Anggota pertama Patbanbu adalah mahasiswa dari berbagai fakultas, juga beberapa dosen di IKIP Padang. Tempat latihannya semula di pantai Air Tawar. Lalu di Aula, kemudian pindah ke Pusat Kesenian Padang/PKP (kelak berubah nama menjadi Taman Budaya Sumatera Barat).
Pada awal berdirinya di IKIP Padang, Patbanbu adalah singkatan dari Patah Banting Bunuh. Bertukarnya singakatan Patbanbu dari Patah Banting Bunuh menjadi Empat Banding Budi punya sejarah tersendiri.

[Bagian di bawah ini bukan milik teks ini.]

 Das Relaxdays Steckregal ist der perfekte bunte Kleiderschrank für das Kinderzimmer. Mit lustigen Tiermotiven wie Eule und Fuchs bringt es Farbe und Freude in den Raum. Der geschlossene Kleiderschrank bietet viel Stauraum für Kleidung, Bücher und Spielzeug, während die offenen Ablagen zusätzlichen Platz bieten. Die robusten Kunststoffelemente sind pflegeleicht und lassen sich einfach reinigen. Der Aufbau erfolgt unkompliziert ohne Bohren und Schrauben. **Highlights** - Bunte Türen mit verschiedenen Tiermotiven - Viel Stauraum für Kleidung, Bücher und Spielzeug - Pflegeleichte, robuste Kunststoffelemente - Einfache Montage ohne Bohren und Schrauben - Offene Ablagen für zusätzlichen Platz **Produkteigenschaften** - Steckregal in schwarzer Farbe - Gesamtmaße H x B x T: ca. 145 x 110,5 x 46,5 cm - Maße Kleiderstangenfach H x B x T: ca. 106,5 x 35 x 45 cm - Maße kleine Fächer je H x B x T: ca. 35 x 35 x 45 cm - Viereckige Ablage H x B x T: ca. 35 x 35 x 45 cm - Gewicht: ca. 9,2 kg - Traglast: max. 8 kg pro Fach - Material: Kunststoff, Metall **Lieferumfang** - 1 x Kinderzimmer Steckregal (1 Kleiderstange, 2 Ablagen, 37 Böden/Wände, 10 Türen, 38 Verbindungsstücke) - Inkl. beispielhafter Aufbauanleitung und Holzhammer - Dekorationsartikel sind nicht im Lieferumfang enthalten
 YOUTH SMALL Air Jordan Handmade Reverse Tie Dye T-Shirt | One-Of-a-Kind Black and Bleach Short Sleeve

Sebagai anak seorang perwira Brimob, yang kala itu masuk kelompok Keluarga Besar ABRI (KBA), kegiatan Patbanbu yang beliau dirikan diam-diam diamati oleh Kodam dan Kodim Padang. Suatu hari sekitar Tahun 1973, Pangdam III/17 Agustus meminta Komandan Kodim Padang untuk bicara khusus dengan Makmur Hendrik soal nama perguruan “patah banting bunuh” yang kala itu sudah memiliki ratusan anggota tersebut.
Inti pembicaraan itu, Keluarga Besar ABRI mendukung sepenuhnya “perlawanan” terhadap perkelahian antar geng yang lagi marak di kota-kota Sumatera Barat. Namun nama “patah banting bunuh” itu terasa terlalu ‘keras’. Oleh karenanya disarankan untuk mencari akronim lain yang lebih netral.
Setelah melalui pemikiran yang mendalam, akhirnya sejak 1973 itu ‘Patbanbu’ yang semula merupakan singkatan dari Patah Banting Bunuh berobah menjadi Empat Banding Budi. Sejak itu pula beliau memasukkan unsur paling penting ke dalam pelajaran Patbanbu, yaitu Budi pekerti. Maka sejak itu ada empat mata pelajaran yang diberikan di Patbanbu.
Pertama, budi pekerti.
Ke dua, silat tradisi.
Ke tiga, silat olahraga.
Ke empat, judo.
Apa maksud kata “Banding”? Dari keempat pelajaran itu, yang dijadikan “kaca banding” (mana yang patut mana yang tak patut dilakukan), yaitu pelajaran pertama/utama adalah “budi pekerti”.
Sebelum pelajaran fisik dimulai, pelatih selalu mengawali dengan penyampaian “pesan”, bahwa anggota Patbanbu harus santun dan berbakti kepada ayah bundanya. Menghormati guru dan yang lebih tua, serta menyayangi yang muda.
Di sisi lain, para pelatih maupun senior dalam melatih juga harus mengontrol diri saat latihan. Latihan memang harus dengan disiplin yang keras. Namun latihan dengan disiplin “keras” berbeda dengan “kasar”. Jangan sekali-kali berbuat kasar, seperti menghukum dengan menempeleng atau menendang.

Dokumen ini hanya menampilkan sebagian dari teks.